A beaker contains a solution that is 0.50 M in Au+3 ion and 0.25 M in Ag+ ion. A soultion of sodium chloride is slowly dripped into the beaker with stirring. Which ion will precipitate first, the gold or the silver? Clearly support your answer and write out your final conclusion in an explanatory sentence.
Ksp for AuCl3 = 3.2 x 10^-25
Ksp for AgCl = 1.8 × 10^-10
I'll give you some hints but it is up to you to put all of it together to make a coherent answer.
For AuCl3 ==> Ag^3+ + 3Cl^-
Write out Ksp expression and solve for (Cl^-). Plug in Ksp, (Au^3+) = 0.5M and calculate (Cl^-)
Do the same for AgCl
AgCl --> Ag^+ + Cl^-
Write out the Ksp expression, plug in Ksp and 0.25 for (Ag^+) and solve for (Cl^-).
So if you have those ions in solution and you need (Cl^-) to be what you have calculated above. which will ppt first? Of course the one that requires the smallest Cl^-. Identify that and put all of the equations and math in good order and you'll get an A+ on the assignment.
Well, it seems like these ions are having a salty party in the beaker! Let's see who gets the spotlight first.
To determine which ion will precipitate first, we need to compare their solubility product constants (Ksp). The lower the Ksp value, the less soluble the compound is in water.
The Ksp for AuCl3 is 3.2 x 10^-25, while the Ksp for AgCl is 1.8 x 10^-10. Wow, those are some tiny values!
Since the Ksp value for AuCl3 is significantly lower than that of AgCl, it means that gold chloride is way less soluble than silver chloride. So, gold chloride will precipitate first!
In conclusion, gold chloride (AuCl3) will be the first to form a solid precipitate in the beaker, followed by silver chloride (AgCl). Looks like the gold is going for the applause!
To determine which ion precipitates first, we can compare the solubility product constants (Ksp) for the chloride salts of gold and silver.

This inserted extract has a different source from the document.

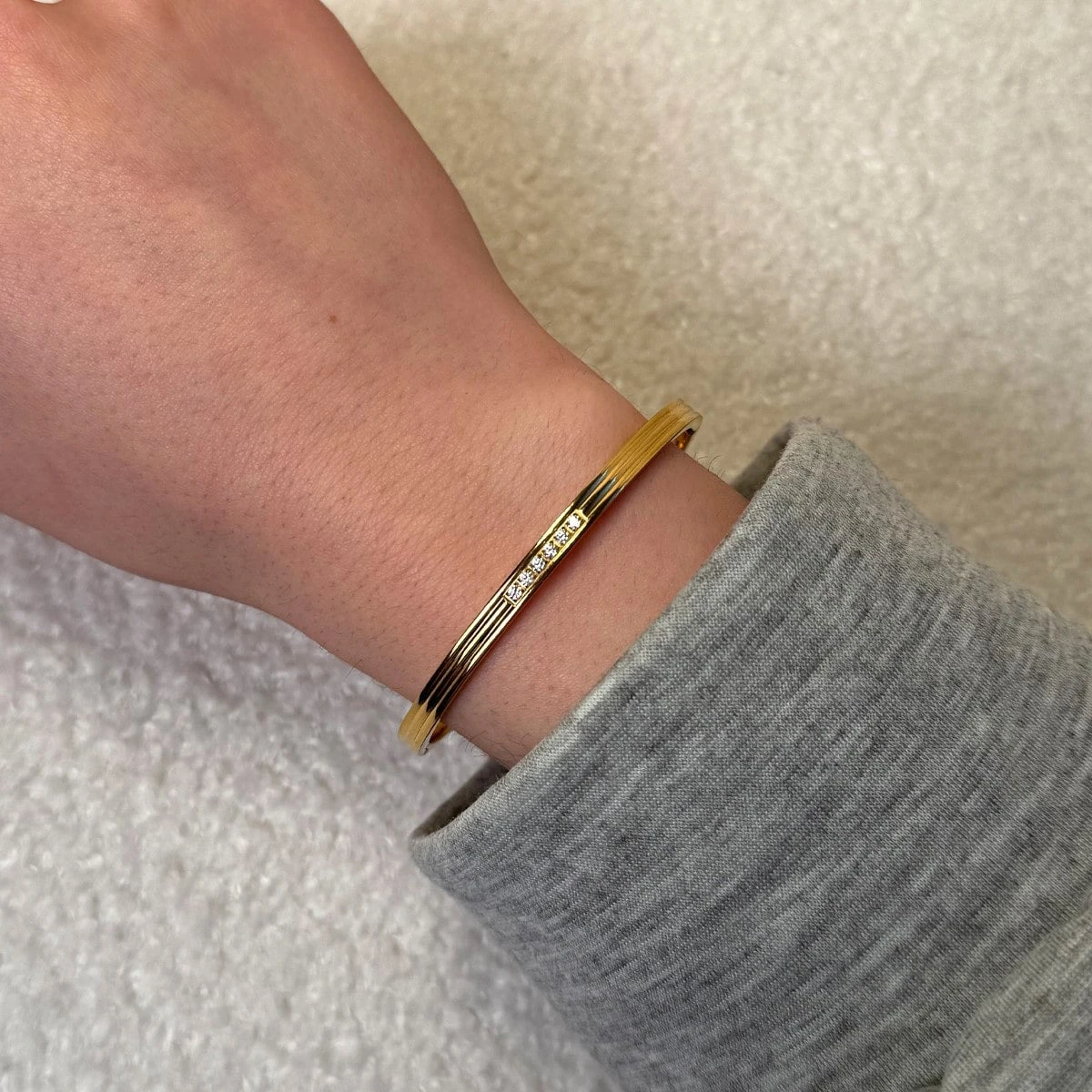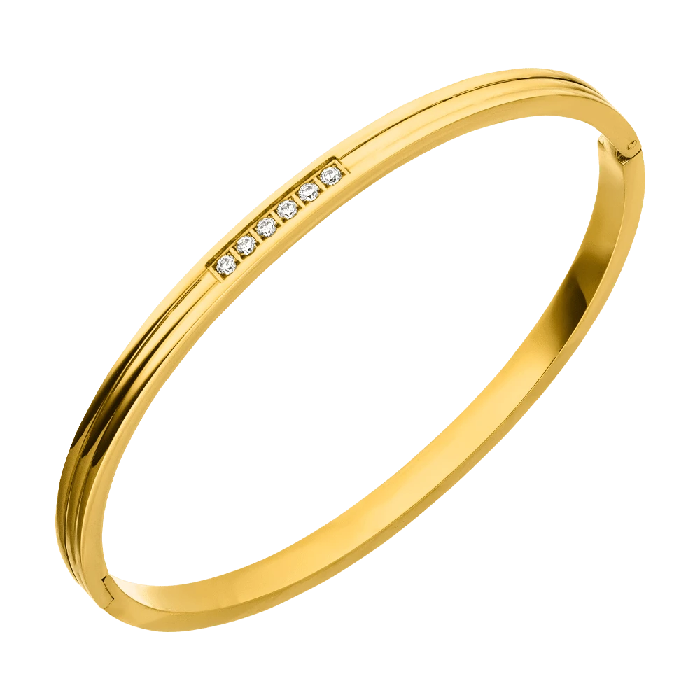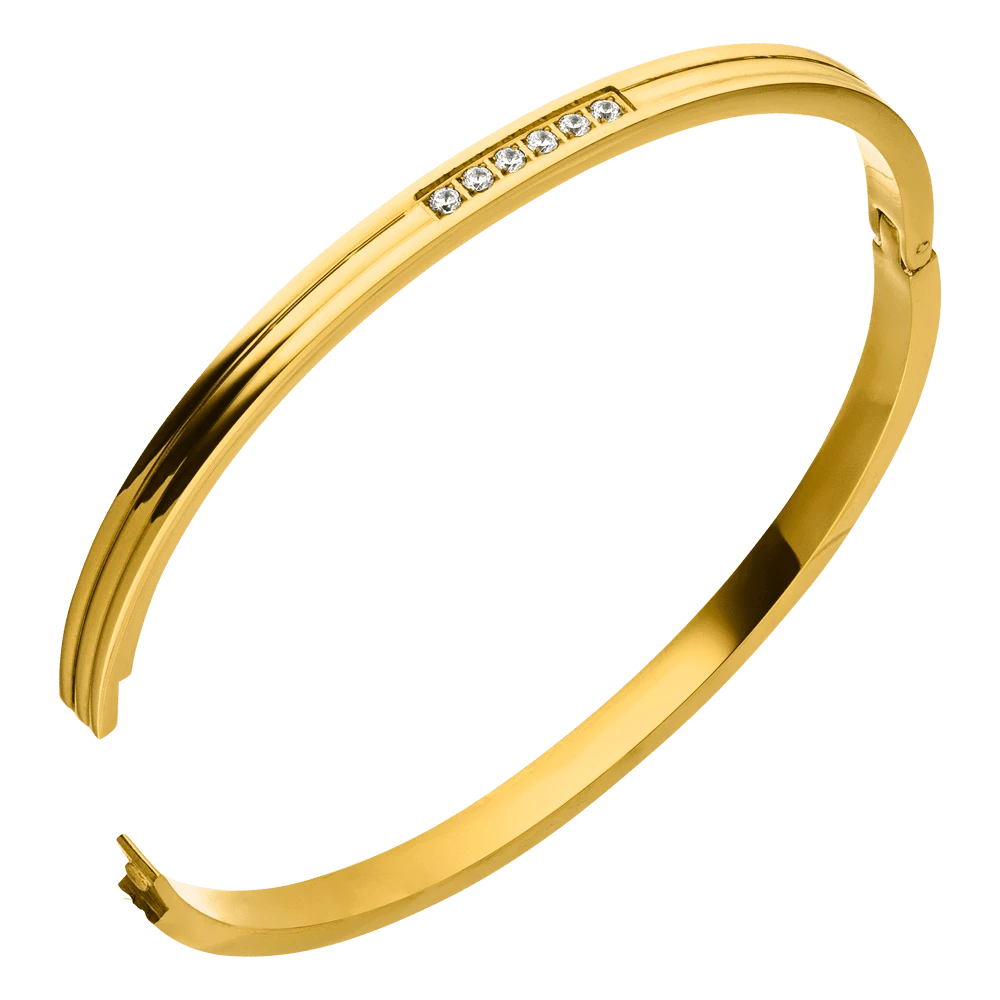 Dieser elegante Armreif ist ein echter Hingucker und darf in keiner Schmuck-Sammlung fehlen. Die sieben funkelnden Steinchen sorgen fĂĽr einen eindrucksvollen Auftritt.

The Ksp for AuCl3 is 3.2 x 10^-25.
The Ksp for AgCl is 1.8 x 10^-10.
The solubility product constant represents the equilibrium between a solid salt and its dissociated ions in a saturated solution. The smaller the Ksp value, the less soluble the salt is and the more likely it is to precipitate.
Comparing the two Ksp values, we can see that the Ksp for AuCl3 is much smaller than the Ksp for AgCl. Therefore, gold chloride (AuCl3) is less soluble and more likely to precipitate first compared to silver chloride (AgCl).
In conclusion, the gold ion (Au+3) will precipitate first when sodium chloride is added to the beaker due to its smaller solubility product constant (Ksp) compared to silver chloride (AgCl).
To determine which ion will precipitate first, we need to compare the solubility products (Ksp) of the two chlorides, AuCl3 and AgCl.
The solubility product, Ksp, represents the maximum amount of solute that can dissolve in a solvent at a given temperature. It is calculated by multiplying the concentrations of the ions in the equilibrium state.
First, let's write the balanced equations for the formation of precipitates:
Au+3 + 3Cl- -> AuCl3
Ag+ + Cl- -> AgCl
Now, we can write the expression for Ksp for each of the precipitates:
For AuCl3: Ksp = [Au+3][Cl-]^3
For AgCl: Ksp = [Ag+][Cl-]
Given that the concentration of Au+3 is 0.50 M and the concentration of Ag+ is 0.25 M, we can calculate the initial Qsp (the reaction quotient) for each salt:
For AuCl3: Qsp = (0.50 M)(0.25 M)^3 = 0.00391
For AgCl: Qsp = (0.25 M)(0.25 M) = 0.0625
Comparing the Qsp values with the Ksp values:
For AuCl3: Qsp (0.00391) < Ksp (3.2 x 10^-25)
For AgCl: Qsp (0.0625) > Ksp (1.8 × 10^-10)
Since Qsp < Ksp for AuCl3 and Qsp > Ksp for AgCl, it means that AgCl has reached its maximum solubility limit, while AuCl3 has not.
Therefore, silver chloride (AgCl) will precipitate first from the solution before gold chloride (AuCl3).
In conclusion, when sodium chloride is added to the beaker, silver ions will precipitate as silver chloride (AgCl) before gold ions precipitate as gold chloride (AuCl3) due to the difference in their respective solubility products.